Yesterday was the first tuition I’ve had in two months. Gareth was great. Started me back right from scratch, really. We went right back to basics. We worked on stick grip, rudiments, grooves and fills.
I can’t really talk a lot about it…not really going into much detail. And it felt a lot to take in yesterday because I was so apprehensive about it, but really excited too. There was a lot to take in. Well, it felt a lot yesterday and because I’m so anxious about it all, not everything sinks in immediately.
I checked with Gareth that he wouldn’t mind me recording the lesson. He was fine with that. I won’t be sharing any of that, but I will still share a bit of my own practice here and there.
I’m really thankful that he’s okay with me recording because as it was with Cherisse, upon playback, things register better. My brain absorbs the information better and I always have it to reference it.
I’m about halfway through listening to yesterday’s lesson…and I just lost it. Gareth had me playing along to (rather ironically) No Woman No Cry…and I just started blubbing like a fool. I could just feel it and I could see him in the room with me, helping me keep to the beat, dancing around the room to it and it was just lovely thinking about it…and I just lost it, I feel like an idiot! (I’m crying all over again typing this out! I’m such an oversensitive idiot.)
I’ve just wanted this for so, so long. It was like the 8 year old me was in that room yesterday, learning.
As you get older…once you get to adulthood, you just think all this stuff is just too late. That it’s too late and you’ve missed your chance and it’s all gone. “Don’t bother now.
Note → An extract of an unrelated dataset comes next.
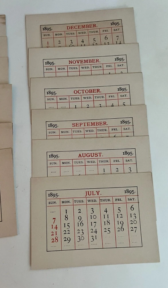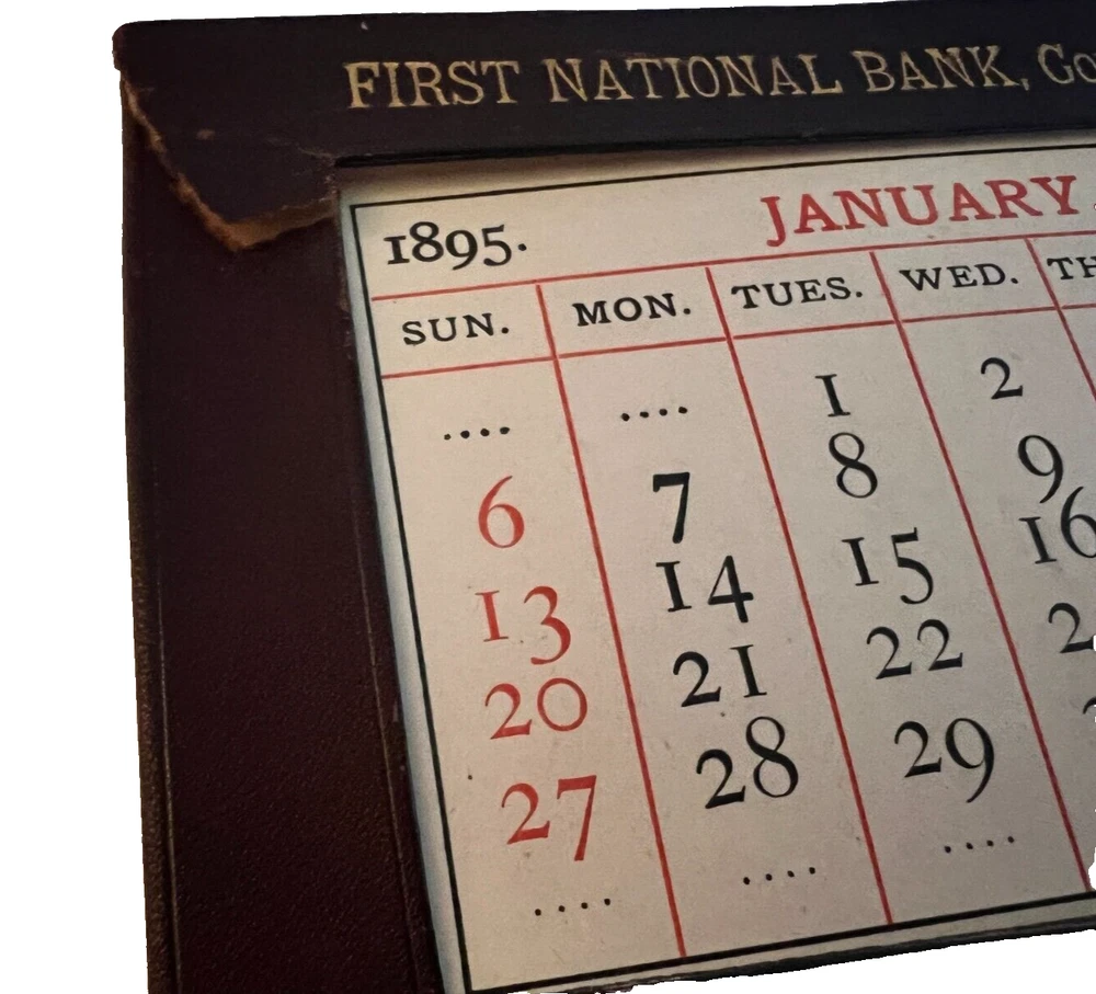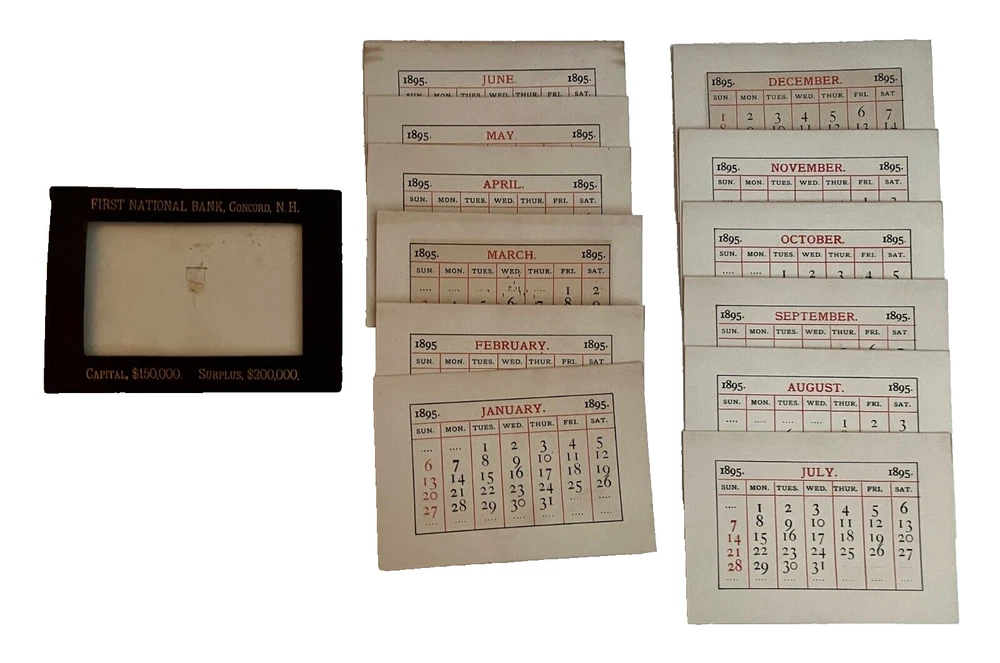 Antique 1895 First National Bank Concord (NH) Wall Hanging Calendar 12 Months

It’s too late. You’re too old. You can’t afford it. And you’ll never learn. You’ll never pick it up. Your mind is young enough. You won’t be as much of a sponge.”
I still feel like that. The adult me says…”You’re 48! Why bother now? Where’s the money gonna come from? How will anything sink in?”
And then I was listening to the lesson and how it was all sinking in and just listening to the playing. Hearing myself play to Bob Marley…and it’s joyous and liberating and wonderful and that 8 year old is there inside saying “Wow. This is cool. I’m getting this. And my teacher is cool. And we’re having fun. And I’m learning and playing…”
And now my face is an absolute mess!
Such a silly cow.
So yesterday was wonderful. And I still want this. More than ever.